Sunday, November 24, 2019

Take Me Back To The Night We Met

I had all and then most of you
Some and now none of you
Take me back to the night we met
I don't know what I'm supposed to do
Haunted by the ghost of you
Take me back to the night we met







I am studying how the best romantic love scenes play out from back stage rather than from the front row.

My observations are specifically towards those heart wrenching, beautifully tragic, lovely stories. How two people found each other, grew together, grew apart, and the Chekhov’s Gun-style clues left on stage to indicate how the finale will play out. 

Set the stage: Two strangers. Girl is broken. Boy is broken. The two are destined to fall in love with each other. 

Meet cute does not mean love at first sight. It sets the roadmap by setting up a promise of conflict. Early on, we see the evident obstacle to overcome.

Their worlds collide.

They are both coupled with partners who left them confused and convinced they were unlovable. They see something in each other. Yet turn away, writing it off. Only to come back together after the removal of and healing from their respective partners. 

The said partners of boy and girl are not the antagonists in this story. 
The broken strangers are. They are also the protagonists of the story. 

They are the underdogs, they are the heroes, and they are the villains. All in one story. 
They are the leading characters, and they are the supporting acts.

They will fall deeply. They will put each other on pedestals. They will make sacrifices for each other. They will sabotage. They will scream and cry. They will win. They will celebrate. They will kiss and make up and make promises.
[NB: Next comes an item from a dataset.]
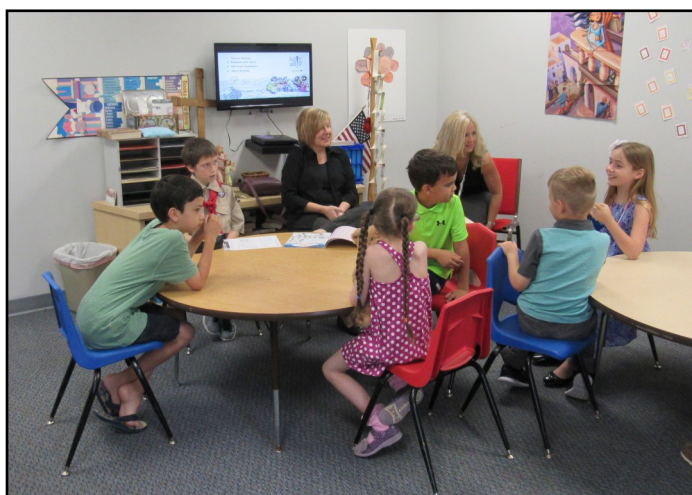
Children's Christian Education on a Sunday morning

The children use the popular Holy Moly curriculum on Sunday mornings, which teaches bible stories through scripture, crafts, and cartoons. On Sundays during the 10:30 service, children are invited to participate in Young People's Worship where they hear scripture, watch puppet shows, pray and sing together, and are introduced to the teachings of God on an age-appropriate level. Young People's Worship is led by our Rector Emeritus, a deacon, and several volunteers. During The Gathering on Wednesday nights, the children meet starting at 7:00 for St. Nicholas Children's Choir practice. We also hold an annual Vacation Bible School for children in our church and the surrounding community.

At first, this may appear to be a typical love story ending. But we leave the audience with nothing that they wanted but everything they asked for. Intrigue. Spontaneity. An emotional spectacle to be remembered. 

At intermission, our two characters exit stage left no less broken than they entered. 

The dramatic, romantic, comedic love story in between is what wins all the applause and standing ovations and roses thrown upon the stage after the curtain comes down.

Post-intermission plot twist.

Our plot is heading towards its conclusion. The musical composition dies down. From the very edge of every seat in the entire theatre, our oxytocin-craving audience is left with… a false ending. A cliffhanger. A loose end.

Some stay in their seats, waiting for the unresolved plot points to be answered. They are left with a dopamine-induced reeling from the attachment.

Lights up. Curtain close. Janitors enter.

The leading male and female are left to their dressing rooms alone to look themselves in the mirror, after laying it all out in their final performance. Wiping makeup off under the lights - or whatever is left of it from their tear-streaked faces. 

Their contract fulfilled.

Tomorrow, a cold reading with a brand new script.